Items listed in a dataset
════════════════════

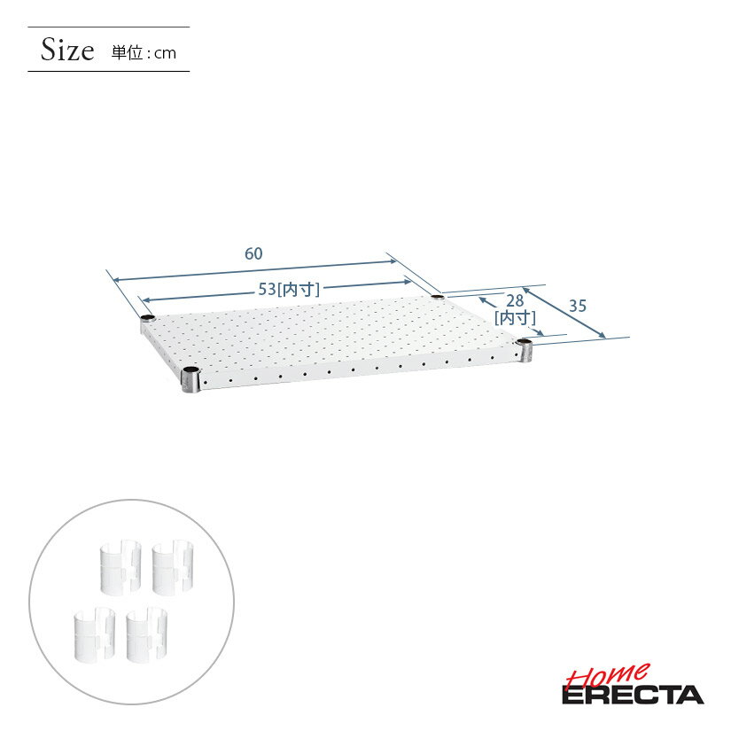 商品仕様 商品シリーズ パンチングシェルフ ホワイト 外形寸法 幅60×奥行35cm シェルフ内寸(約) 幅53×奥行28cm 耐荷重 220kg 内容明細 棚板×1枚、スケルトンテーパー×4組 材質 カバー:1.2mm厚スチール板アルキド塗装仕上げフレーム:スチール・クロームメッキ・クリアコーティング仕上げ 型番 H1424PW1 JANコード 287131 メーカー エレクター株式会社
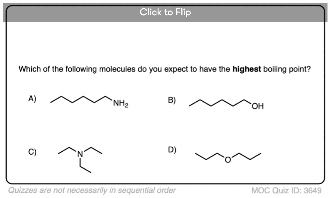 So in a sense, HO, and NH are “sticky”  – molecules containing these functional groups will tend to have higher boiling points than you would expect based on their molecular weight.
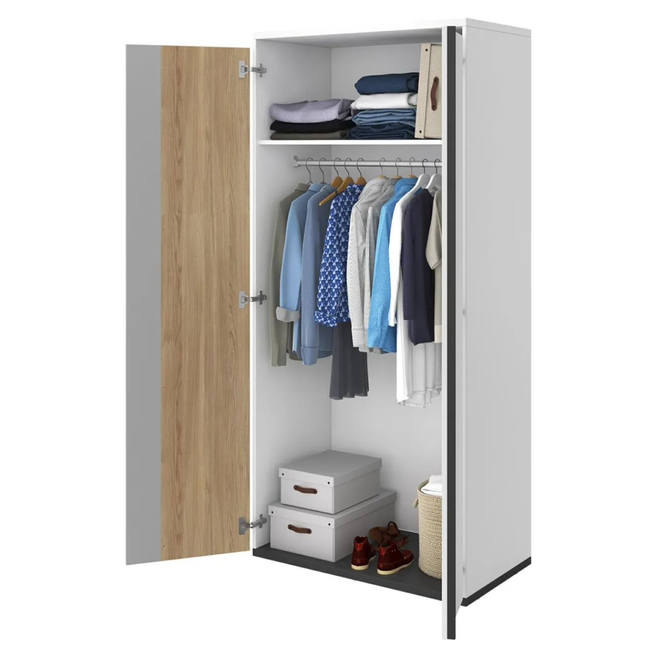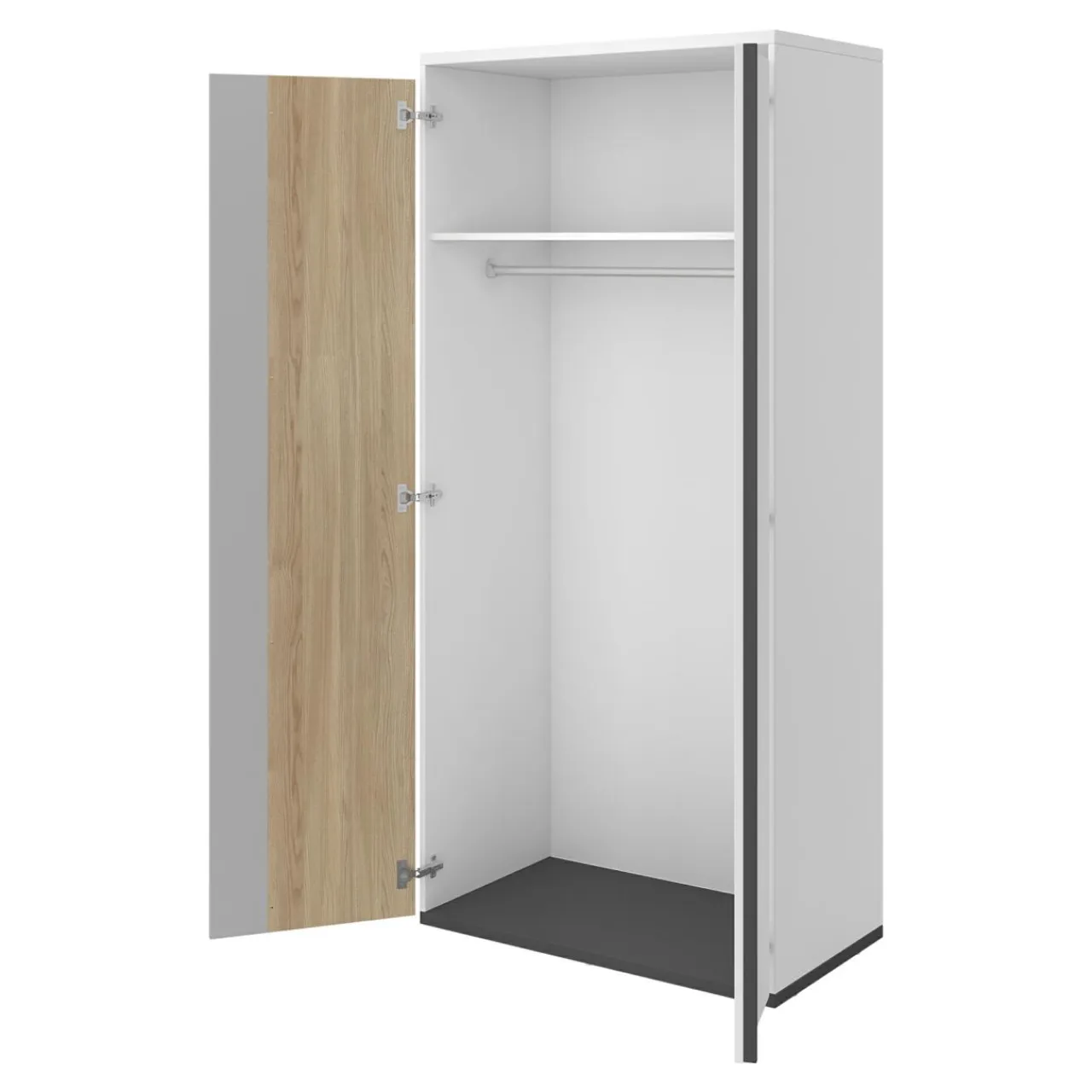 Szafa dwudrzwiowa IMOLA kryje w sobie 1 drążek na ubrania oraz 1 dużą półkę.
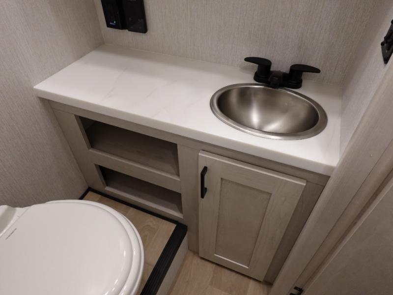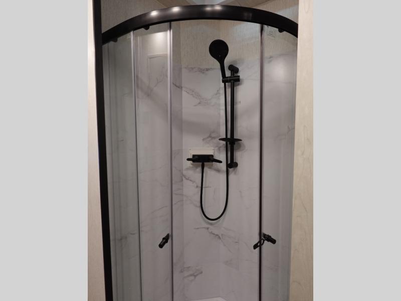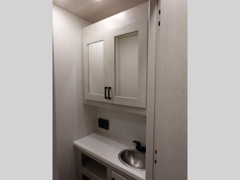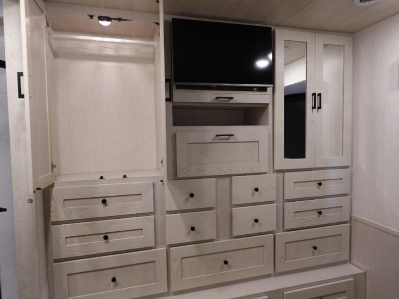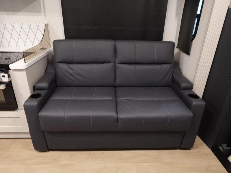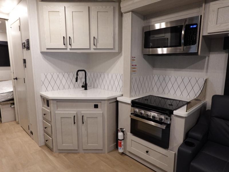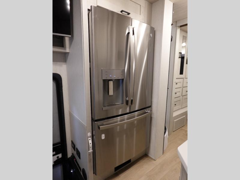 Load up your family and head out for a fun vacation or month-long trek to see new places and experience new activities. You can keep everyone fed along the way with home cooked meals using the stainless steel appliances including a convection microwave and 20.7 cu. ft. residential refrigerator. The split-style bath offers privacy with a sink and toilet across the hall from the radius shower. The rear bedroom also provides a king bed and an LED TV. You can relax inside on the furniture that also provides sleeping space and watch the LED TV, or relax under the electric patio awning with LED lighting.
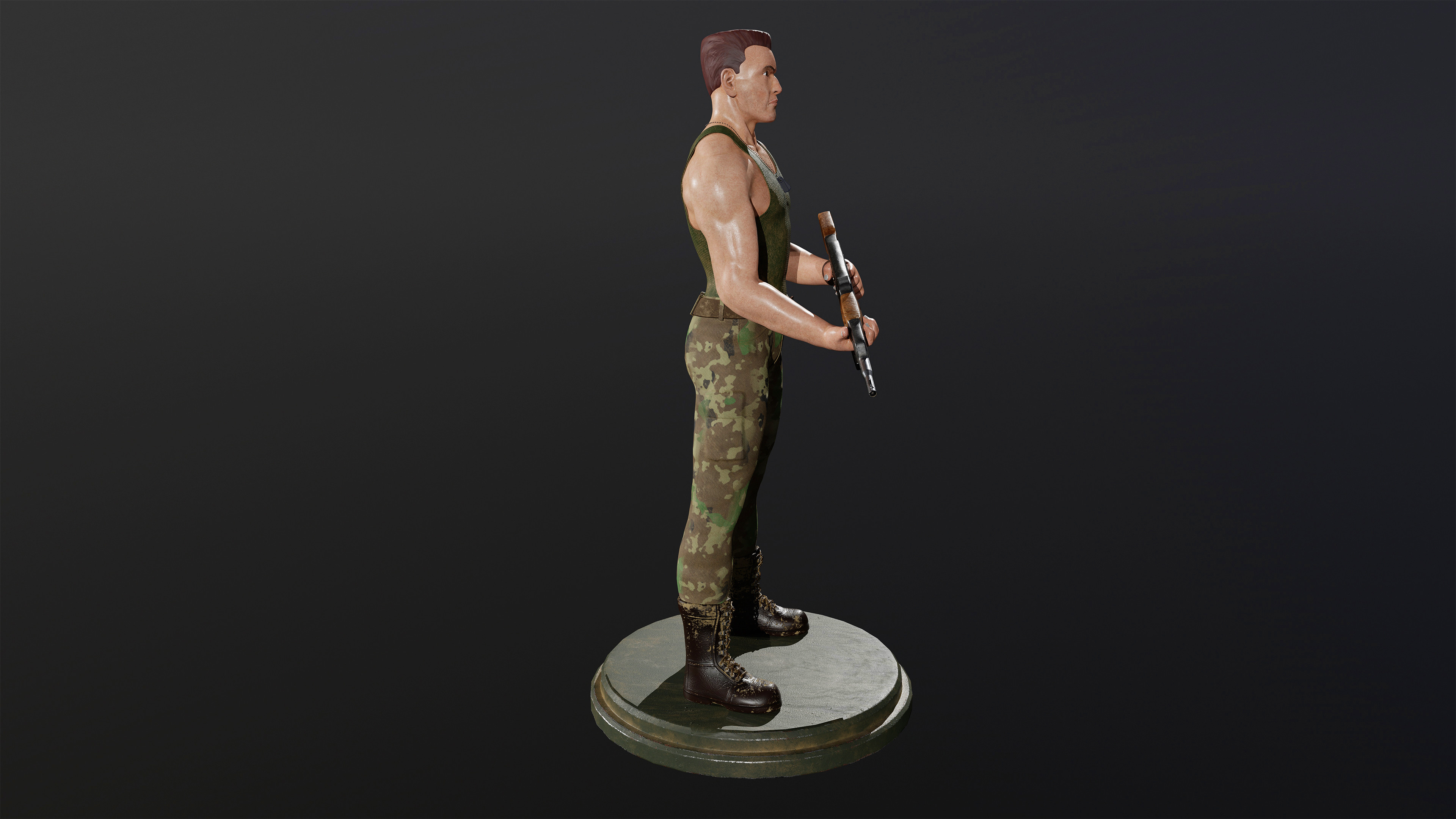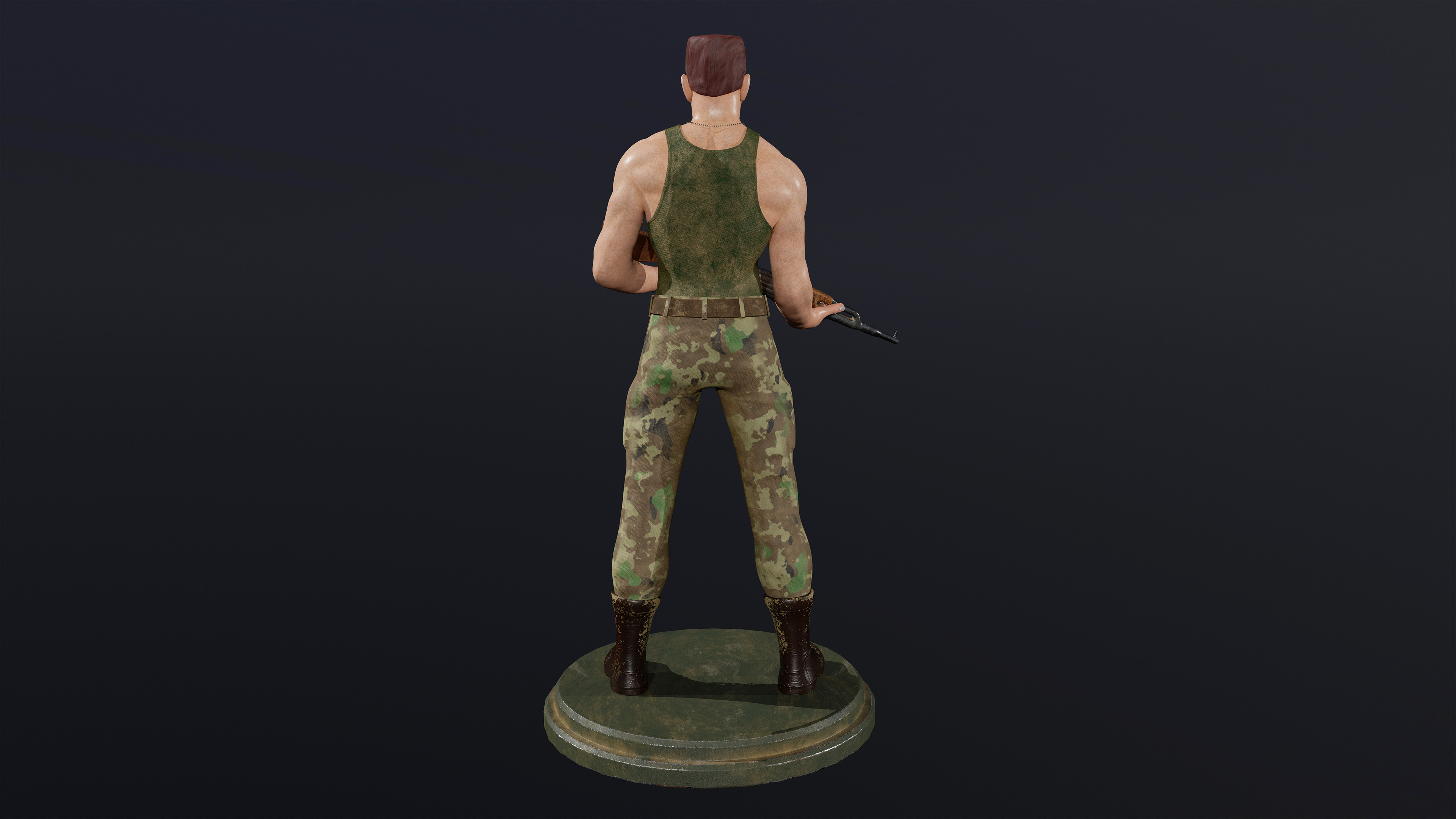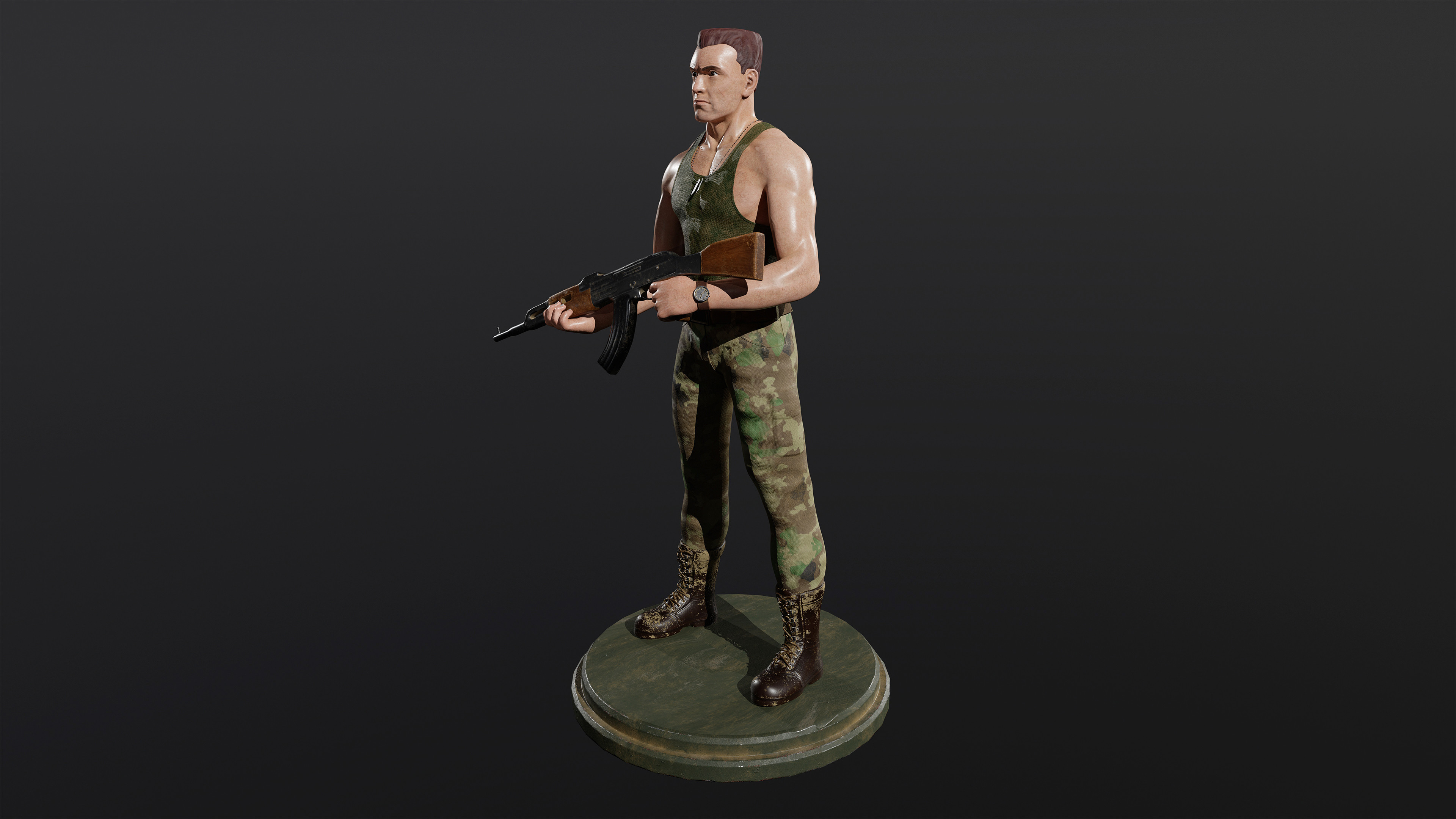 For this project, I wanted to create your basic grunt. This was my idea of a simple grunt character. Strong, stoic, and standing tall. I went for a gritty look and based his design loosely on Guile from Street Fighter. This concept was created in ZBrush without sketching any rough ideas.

════════════════════

Brief — All that belongs in the answer is the lines from the line with "Szafa dwudrzwiowa IMOLA" through the closing line of the entries, inclusive, transcribed exactly and free of pictures.

Result of this exercise —
 Szafa dwudrzwiowa IMOLA kryje w sobie 1 drążek na ubrania oraz 1 dużą półkę.
 Load up your family and head out for a fun vacation or month-long trek to see new places and experience new activities. You can keep everyone fed along the way with home cooked meals using the stainless steel appliances including a convection microwave and 20.7 cu. ft. residential refrigerator. The split-style bath offers privacy with a sink and toilet across the hall from the radius shower. The rear bedroom also provides a king bed and an LED TV. You can relax inside on the furniture that also provides sleeping space and watch the LED TV, or relax under the electric patio awning with LED lighting.
 For this project, I wanted to create your basic grunt. This was my idea of a simple grunt character. Strong, stoic, and standing tall. I went for a gritty look and based his design loosely on Guile from Street Fighter. This concept was created in ZBrush without sketching any rough ideas.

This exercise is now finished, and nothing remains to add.